▸ **Task statement**
Could you retype the lines below, starting at the line holding "按照绿色箭头的提示来操控角色" and stopping at the line holding "07:00 | 13:00 |", inclusive? Copy them exactly and drop the images.

___ Records for processing

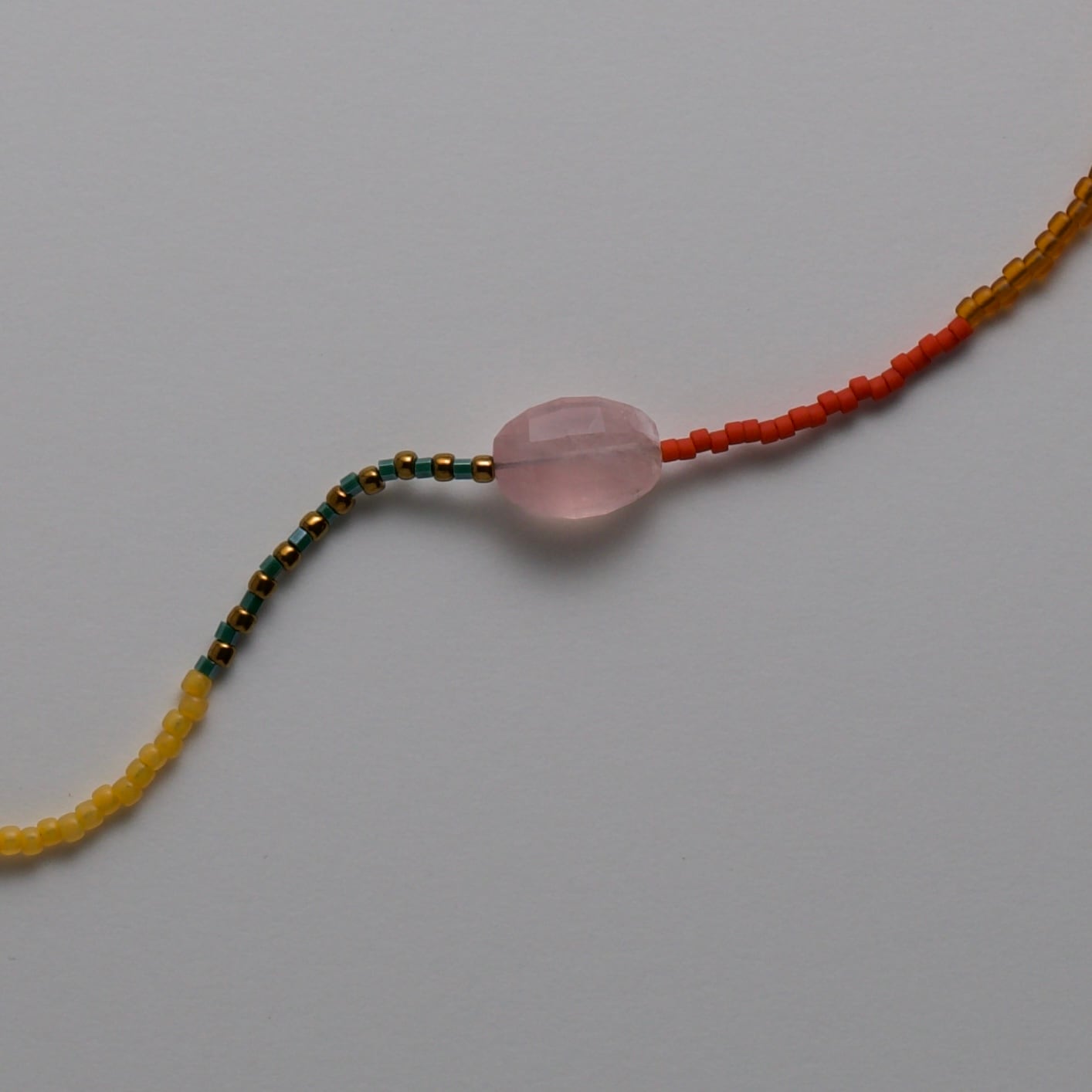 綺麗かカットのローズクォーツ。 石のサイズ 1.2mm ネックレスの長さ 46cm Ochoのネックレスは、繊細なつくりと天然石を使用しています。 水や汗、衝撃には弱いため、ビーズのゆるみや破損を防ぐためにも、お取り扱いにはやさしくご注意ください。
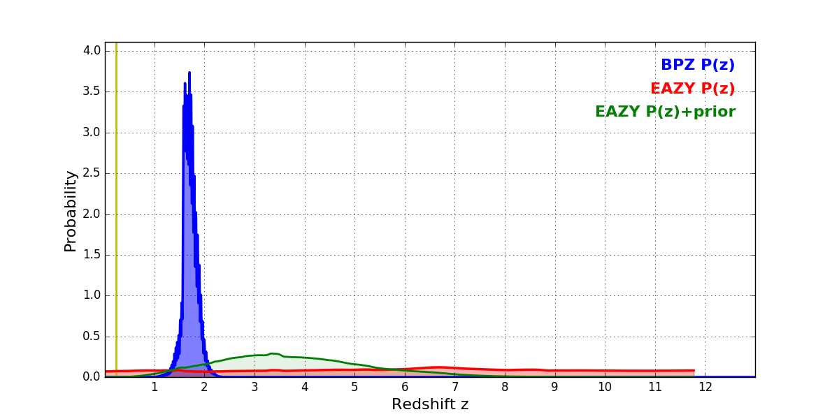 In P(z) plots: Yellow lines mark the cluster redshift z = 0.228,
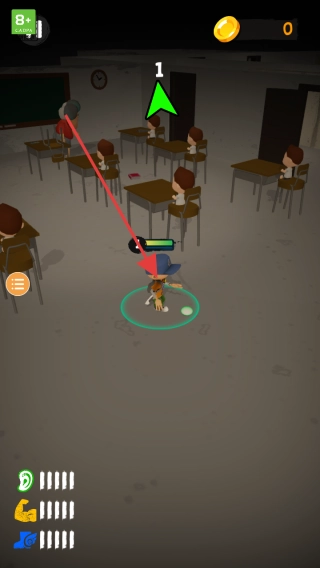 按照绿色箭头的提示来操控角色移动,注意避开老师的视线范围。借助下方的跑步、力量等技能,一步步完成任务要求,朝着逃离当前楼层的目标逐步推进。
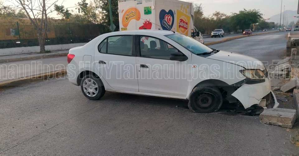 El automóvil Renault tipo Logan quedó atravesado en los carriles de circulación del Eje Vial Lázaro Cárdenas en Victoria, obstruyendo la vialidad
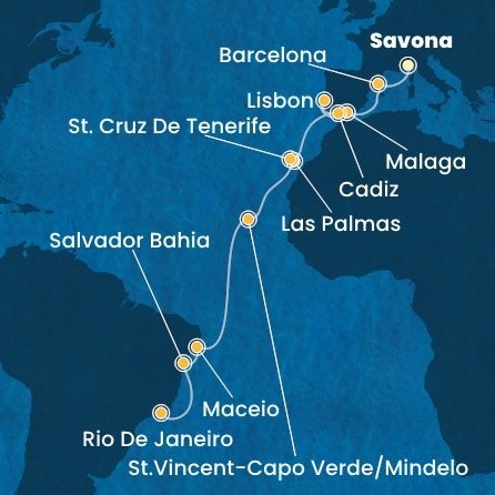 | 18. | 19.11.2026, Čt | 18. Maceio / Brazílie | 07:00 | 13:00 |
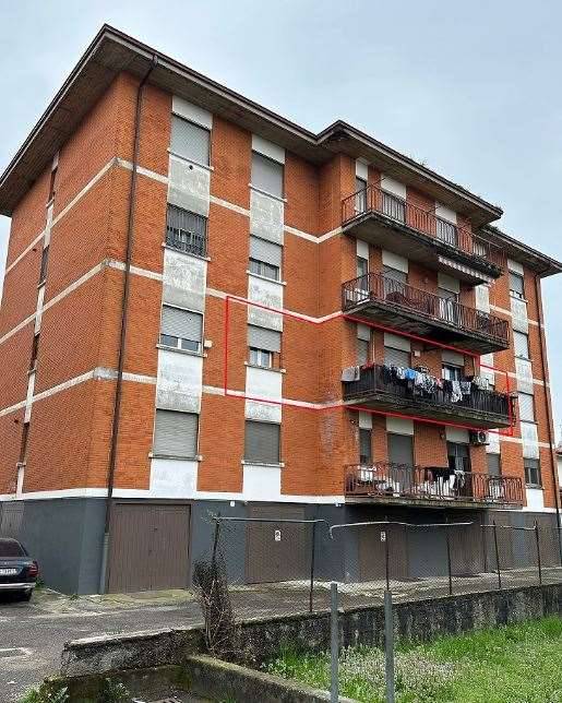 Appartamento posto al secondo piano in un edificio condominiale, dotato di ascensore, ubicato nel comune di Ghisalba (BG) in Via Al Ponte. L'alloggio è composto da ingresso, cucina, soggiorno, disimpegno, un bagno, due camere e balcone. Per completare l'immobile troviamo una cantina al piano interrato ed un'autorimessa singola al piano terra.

______

▸ **Reply to the task**
 按照绿色箭头的提示来操控角色移动,注意避开老师的视线范围。借助下方的跑步、力量等技能,一步步完成任务要求,朝着逃离当前楼层的目标逐步推进。
 El automóvil Renault tipo Logan quedó atravesado en los carriles de circulación del Eje Vial Lázaro Cárdenas en Victoria, obstruyendo la vialidad
 | 18. | 19.11.2026, Čt | 18. Maceio / Brazílie | 07:00 | 13:00 |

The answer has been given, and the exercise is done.